You see, the last statement is the lynchpin in our thinking. It was the genius and ultimately our greatest challenge. We wanted to allow brands to connect directly with the shoppers. The fucking product discovery and product conversion ecosystem weren’t having that. Owning the brand’s product journey, from the moment of a shopper’s initial discovery through purchase, has propped up the household tech brands we all know. Consuming data about the performance of a product, interest in search or social environments, and cataloging the upsells and return rates from marketplaces are only a sliver of the centralization tactics that technology incumbents leverage against brands and shoppers.

Again — Back to the patent. We knew centralization wouldn’t last. We knew that there would be a model shopping experience, or marketplace that would want to exist and transcend beyond the confines of its own digitally walled garden. We had no clue that it would take rearchitecting the entire shopping ecosystem to do it.

With EVERY’s consuming of previous ‘Comr.se Corp’ assets, we are excited for the decentralization and distribution of commerce to be resting within EVERY’s Intellectual Property.

US 20150278931 A1 : “Native eCommerce Transactables for Familiar User Environments”

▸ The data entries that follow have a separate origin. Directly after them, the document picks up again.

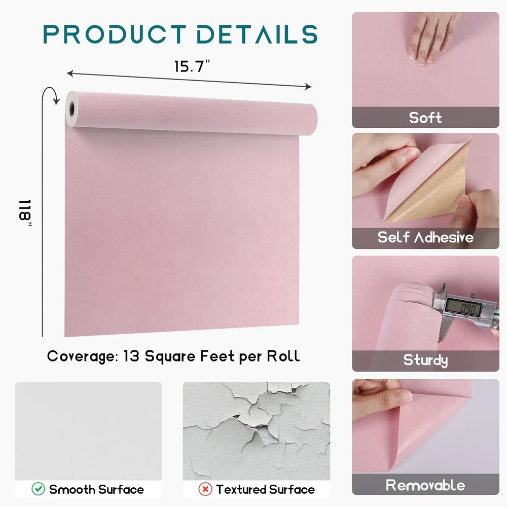Theme: Velvet Flocking Liner Brand: Does not apply Package Dimensions LxWxH: 16.06x2.48x2.44 Inches gtin13: Does not apply Weight: 1.87 Pounds Material: Self Adhesive Velvet Fabric Drawer Liner Pattern: Solid Type: Does not apply MPN: Does not apply Number Of Pieces: 1 Color: Baby Pink Item Shape: Roll Style: Luxurious Model: Does not apply Unit Count: 1852.6 UPC: Does not apply Size: 15.7"W X 118"L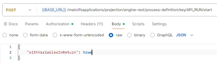 main/ifsapplications/projection/engine-rest/process-definition/key/BPA_NAME/startAnd in the body of the API, I pass it the property: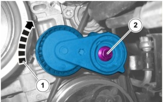 When installing the outer belt tensioner, turn the belt tensioner clockwise (1) and hold it in that position.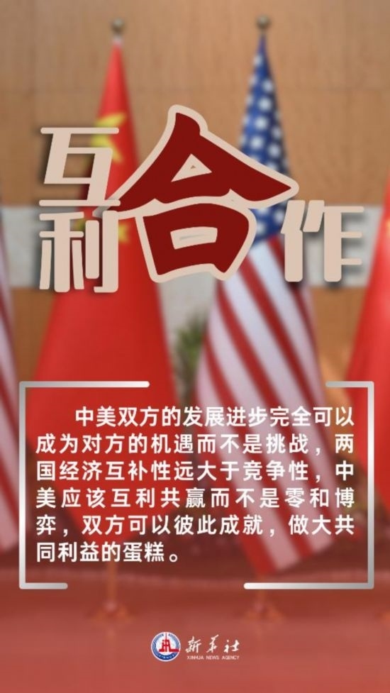中美雙方的發(fā)展進(jìn)步完全可以成為對(duì)方的機(jī)遇而不是挑戰(zhàn),兩國(guó)經(jīng)濟(jì)互補(bǔ)性遠(yuǎn)大于競(jìng)爭(zhēng)性,中美應(yīng)該互利共贏而不是零和博弈,雙方可以彼此成就,做大共同利益的蛋糕。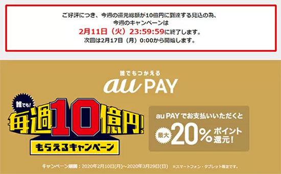 一方で、au PAYの今回の「誰でも!毎週10億円!もらえるキャンペーン」は高還元率・全店舗対象とユーザーからすれば最高にお得なキャンペーンなのだが、100億円祭並みの効果が得られるかというと少し疑問だ。新規ユーザー獲得が最大の狙いと思われるが、還元総額が10億円に達したら終了で次の週を待たなくてはいけない仕様は新規ユーザーに不親切だ。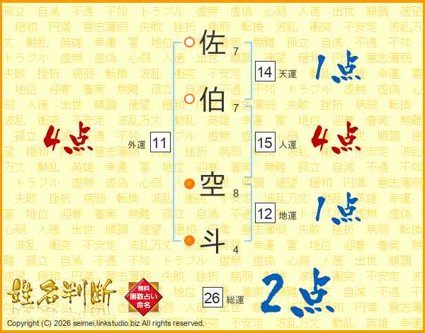 佐伯空斗さんの天運は14画の1点!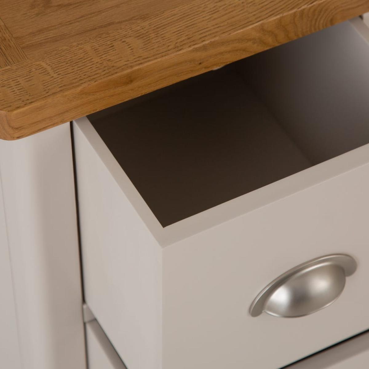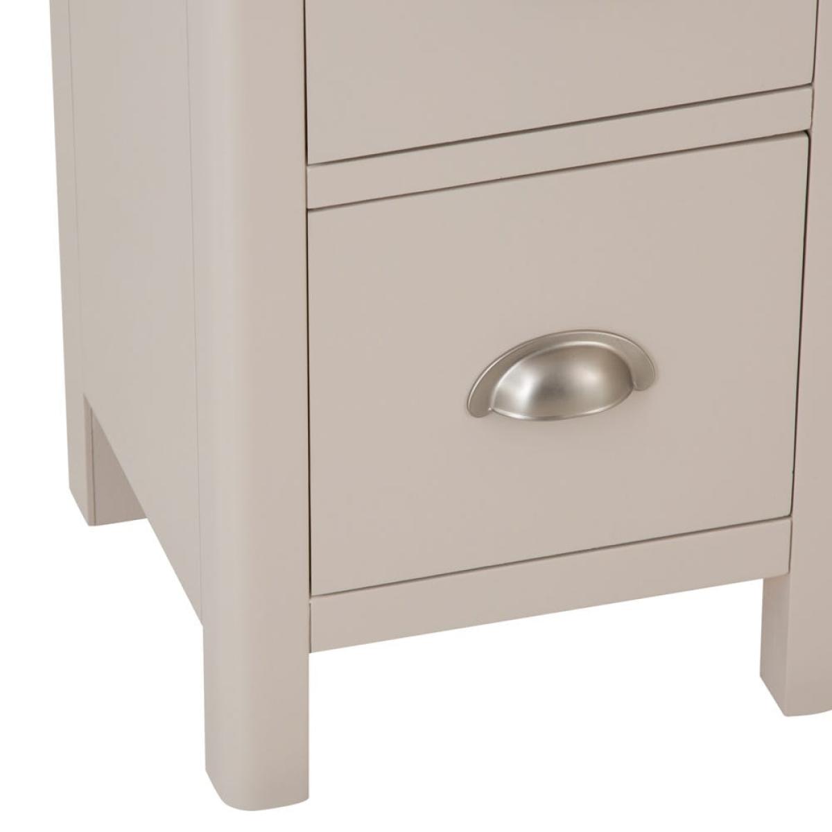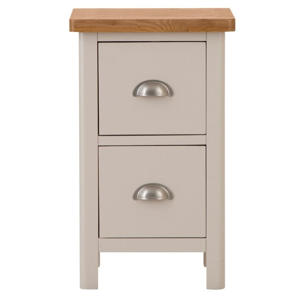 This Rutland painted oak 2-drawer slim bedside table is sure to elevate your bedtime routine. It’s slender enough to slot easily next to your bed while having ample space for a reading lamp and book. Light sleeper? You can keep eye masks, earplugs and essential oils in the two spacious drawers to make getting your 40 winks that little bit easier. The golden oak top gives a warm glow to our elegant stone-grey finish, while the chrome cup handles add a touch of class. This item comes ready-assembled, and with looks this good, you’ll surely need a pair.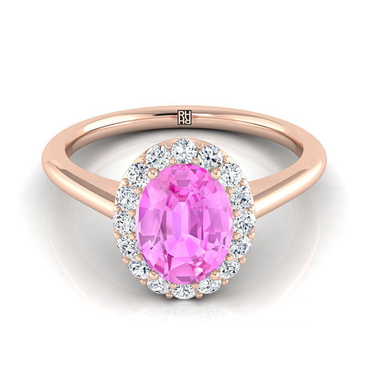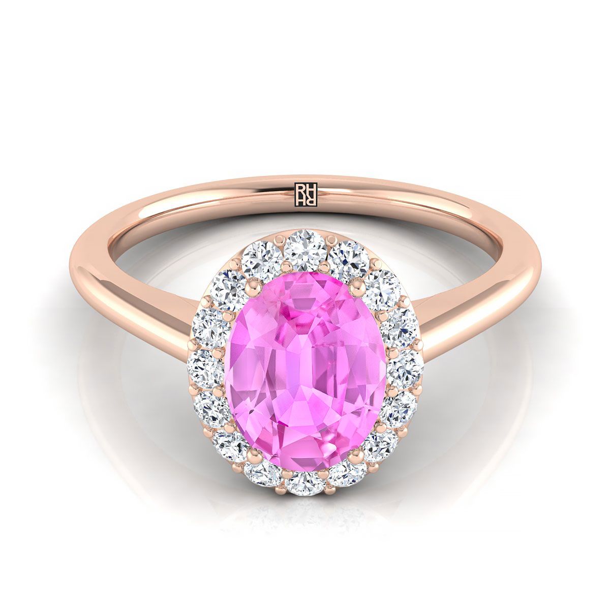 แหวนหมั้นทองคำ 14K ชมพูแซฟไฟร์รูปวงรีแบบก้านร่วมพร้อมเพชรฮาโลขนาด 1/5 กะรัต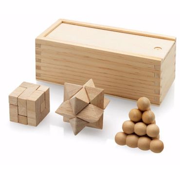 . Casse-tête chinois en bois 3 pièces. Sous écrin bois. Marquage uniquement sur l'écrin.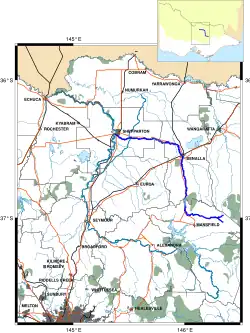 The river rises below Bald Hill on the western slopes of the Victorian Alps, within the Shire of Mansfield. The river flow generally west, then north, then west passing through or adjacent to the regional cities of Benalla and Shepparton–Mooroopna, joined by ten minor tributaries, before reaching its confluence with the Goulburn River within Shepparton. The river descends 1,070 metres (3,510 ft) over its 225-kilometre (140 mi) course.[1]

Native e-commerce transactable for social and other familiar and/or suitable user environments are enabled. A user of a network site may interact with a transactable to conduct a transaction with a 3rd party without leaving a user environment of the network site. The transactable may be configured to adopt the “look and feel” of the network site into which it is incorporated. While conducting the transaction with the transactable, the user may perceive that they remain at the network site, even though transaction information may be exchanged with a 3rd party network site. The transaction mediation service may obtain social activity data from a plurality of social network sites, as well as merchant activity data (e.g., transaction activity) from a plurality of merchant network sites. The data of each suitable network site may be translated, transformed and/or normalized into a unified and uniform format maintained by the transaction mediation service.